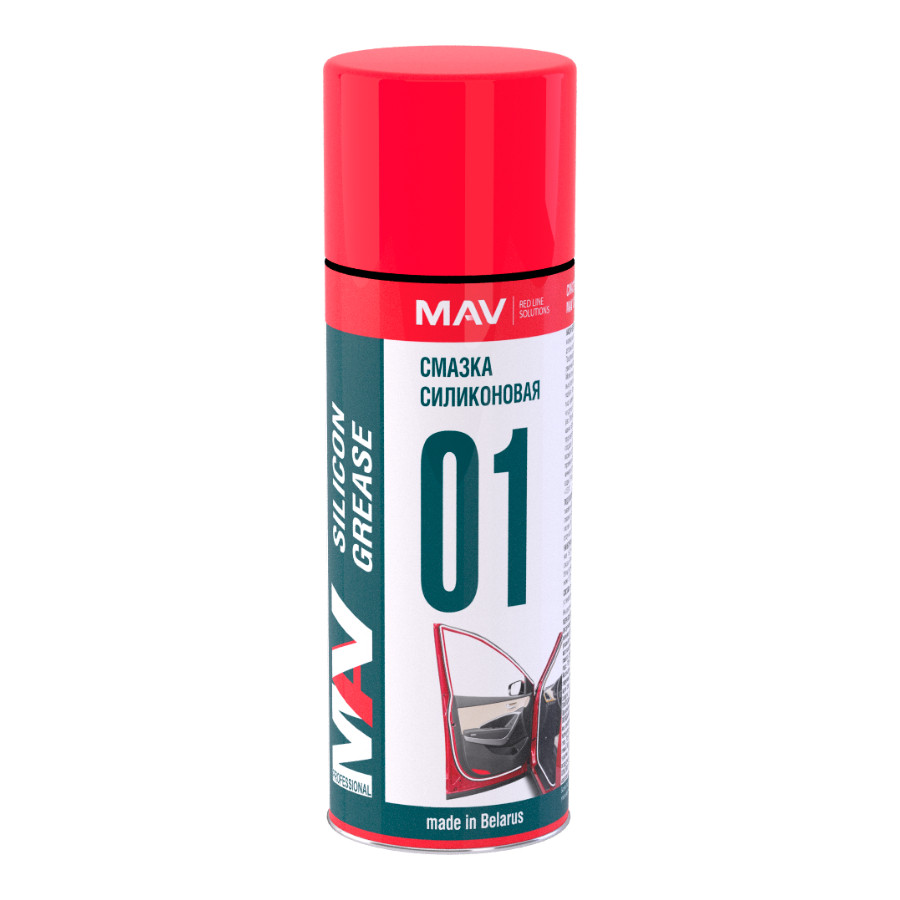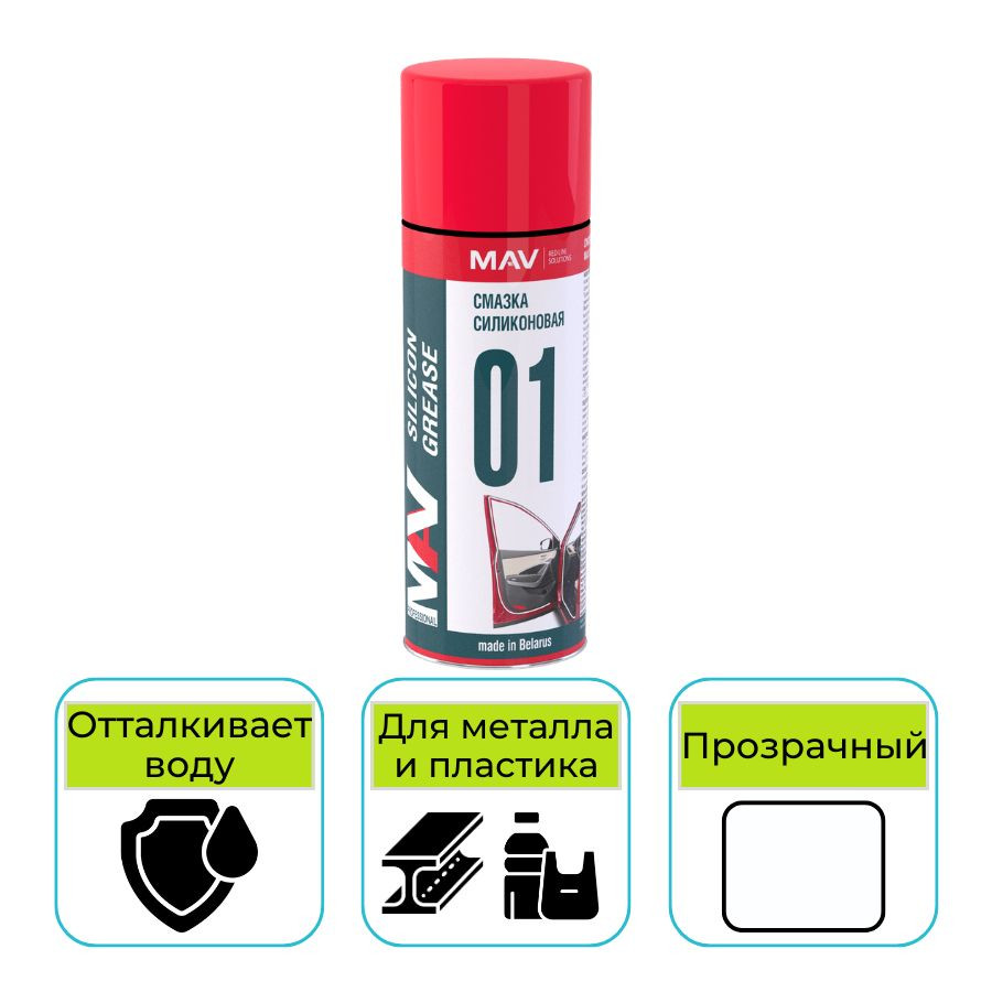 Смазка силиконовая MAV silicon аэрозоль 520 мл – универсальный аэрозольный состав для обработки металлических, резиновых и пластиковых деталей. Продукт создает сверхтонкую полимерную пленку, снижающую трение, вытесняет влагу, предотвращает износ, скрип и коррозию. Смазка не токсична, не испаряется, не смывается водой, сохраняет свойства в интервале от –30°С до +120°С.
...
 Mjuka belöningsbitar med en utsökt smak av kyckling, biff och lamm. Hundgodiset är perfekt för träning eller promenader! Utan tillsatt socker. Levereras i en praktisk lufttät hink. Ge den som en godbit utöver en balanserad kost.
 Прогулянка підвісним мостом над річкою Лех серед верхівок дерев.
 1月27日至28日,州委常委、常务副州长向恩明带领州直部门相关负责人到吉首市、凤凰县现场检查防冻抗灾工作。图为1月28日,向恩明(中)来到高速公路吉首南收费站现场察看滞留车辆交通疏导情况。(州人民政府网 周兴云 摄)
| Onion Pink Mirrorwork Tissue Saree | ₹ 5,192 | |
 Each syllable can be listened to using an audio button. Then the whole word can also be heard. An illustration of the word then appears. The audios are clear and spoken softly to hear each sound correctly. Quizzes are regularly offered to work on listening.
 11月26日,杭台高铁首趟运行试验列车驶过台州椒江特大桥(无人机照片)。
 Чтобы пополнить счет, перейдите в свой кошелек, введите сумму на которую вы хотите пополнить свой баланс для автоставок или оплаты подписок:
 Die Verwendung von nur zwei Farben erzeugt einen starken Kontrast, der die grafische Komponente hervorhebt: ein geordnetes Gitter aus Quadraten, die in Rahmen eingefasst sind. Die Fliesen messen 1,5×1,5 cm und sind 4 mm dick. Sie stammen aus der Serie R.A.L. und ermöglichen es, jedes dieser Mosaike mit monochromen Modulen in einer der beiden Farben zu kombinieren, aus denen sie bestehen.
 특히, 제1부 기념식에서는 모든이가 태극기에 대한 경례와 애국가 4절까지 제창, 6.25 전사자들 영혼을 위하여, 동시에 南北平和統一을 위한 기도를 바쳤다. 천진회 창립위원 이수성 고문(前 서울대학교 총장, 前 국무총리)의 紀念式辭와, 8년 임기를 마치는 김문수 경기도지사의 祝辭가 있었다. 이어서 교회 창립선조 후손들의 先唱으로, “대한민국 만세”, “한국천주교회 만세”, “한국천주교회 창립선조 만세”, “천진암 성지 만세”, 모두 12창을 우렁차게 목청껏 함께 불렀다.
--
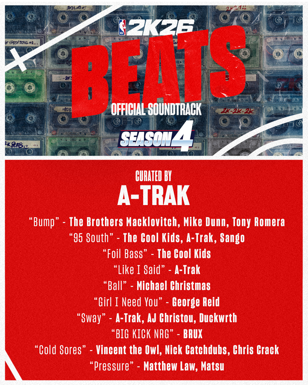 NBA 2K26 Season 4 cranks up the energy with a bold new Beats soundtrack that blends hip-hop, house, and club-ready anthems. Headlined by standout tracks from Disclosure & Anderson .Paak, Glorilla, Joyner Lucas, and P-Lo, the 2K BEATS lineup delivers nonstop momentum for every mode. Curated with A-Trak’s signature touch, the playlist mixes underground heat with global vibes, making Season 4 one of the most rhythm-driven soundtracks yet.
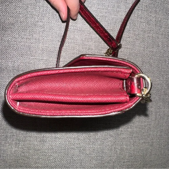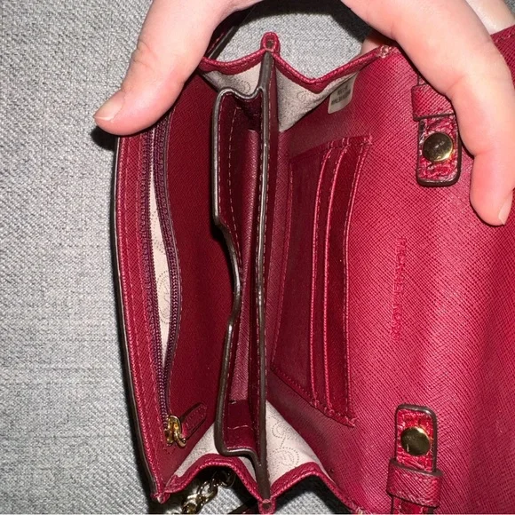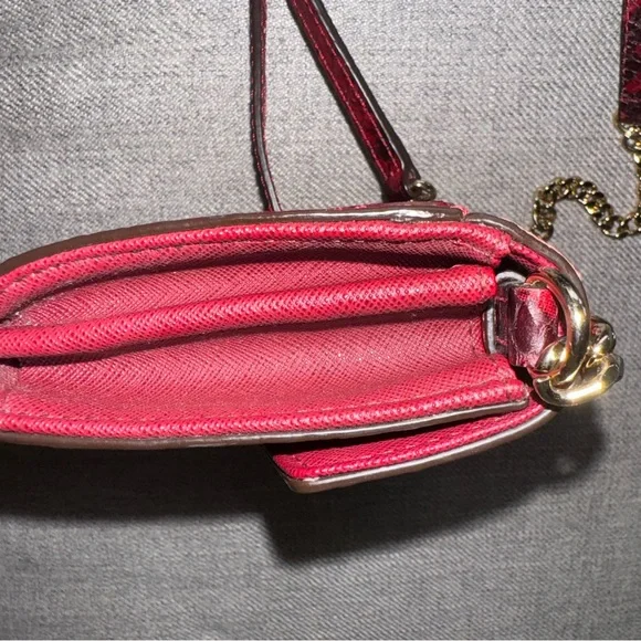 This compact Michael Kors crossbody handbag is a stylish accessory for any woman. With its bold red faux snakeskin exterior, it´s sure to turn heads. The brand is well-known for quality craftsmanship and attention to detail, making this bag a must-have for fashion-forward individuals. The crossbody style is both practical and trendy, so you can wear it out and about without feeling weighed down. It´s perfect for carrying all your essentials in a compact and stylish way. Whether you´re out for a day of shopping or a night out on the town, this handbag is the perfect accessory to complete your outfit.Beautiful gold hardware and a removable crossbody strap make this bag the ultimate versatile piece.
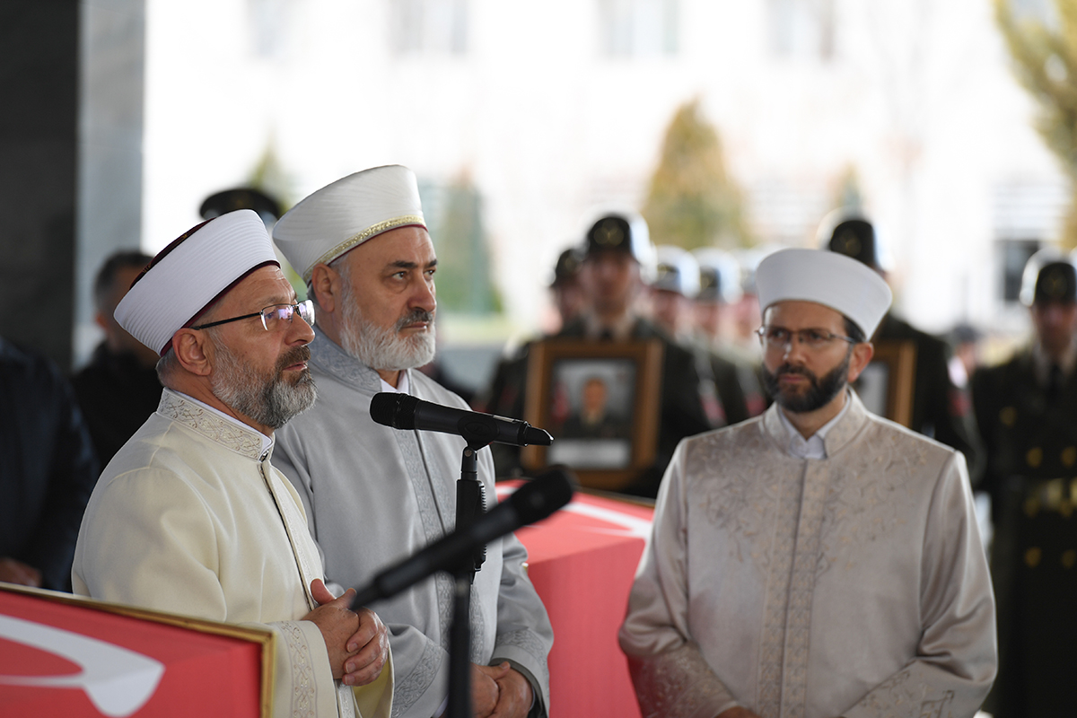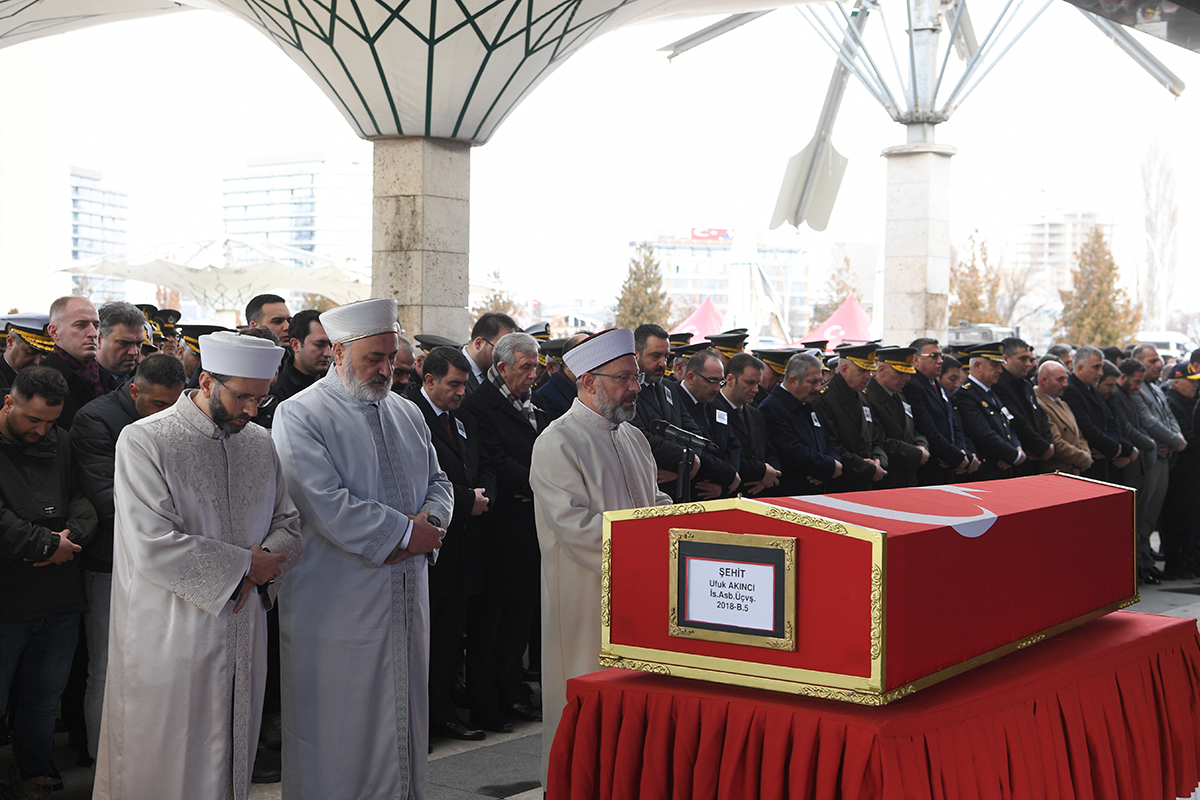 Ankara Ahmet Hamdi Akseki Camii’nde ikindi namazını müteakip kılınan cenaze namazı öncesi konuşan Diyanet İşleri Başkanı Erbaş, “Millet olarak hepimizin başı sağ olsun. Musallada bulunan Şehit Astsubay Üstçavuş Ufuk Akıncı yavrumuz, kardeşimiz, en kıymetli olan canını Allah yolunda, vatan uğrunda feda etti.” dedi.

▶ **Work instructions**:
The required answer is the run of lines above, starting at the line with "Mjuka belöningsbitar med" and ending at the line with "Saree | ₹ 5,192 | |", reproduced exactly with both ends.

▶ **Response area**:
 Mjuka belöningsbitar med en utsökt smak av kyckling, biff och lamm. Hundgodiset är perfekt för träning eller promenader! Utan tillsatt socker. Levereras i en praktisk lufttät hink. Ge den som en godbit utöver en balanserad kost.
 Прогулянка підвісним мостом над річкою Лех серед верхівок дерев.
 1月27日至28日,州委常委、常务副州长向恩明带领州直部门相关负责人到吉首市、凤凰县现场检查防冻抗灾工作。图为1月28日,向恩明(中)来到高速公路吉首南收费站现场察看滞留车辆交通疏导情况。(州人民政府网 周兴云 摄)
| Onion Pink Mirrorwork Tissue Saree | ₹ 5,192 | |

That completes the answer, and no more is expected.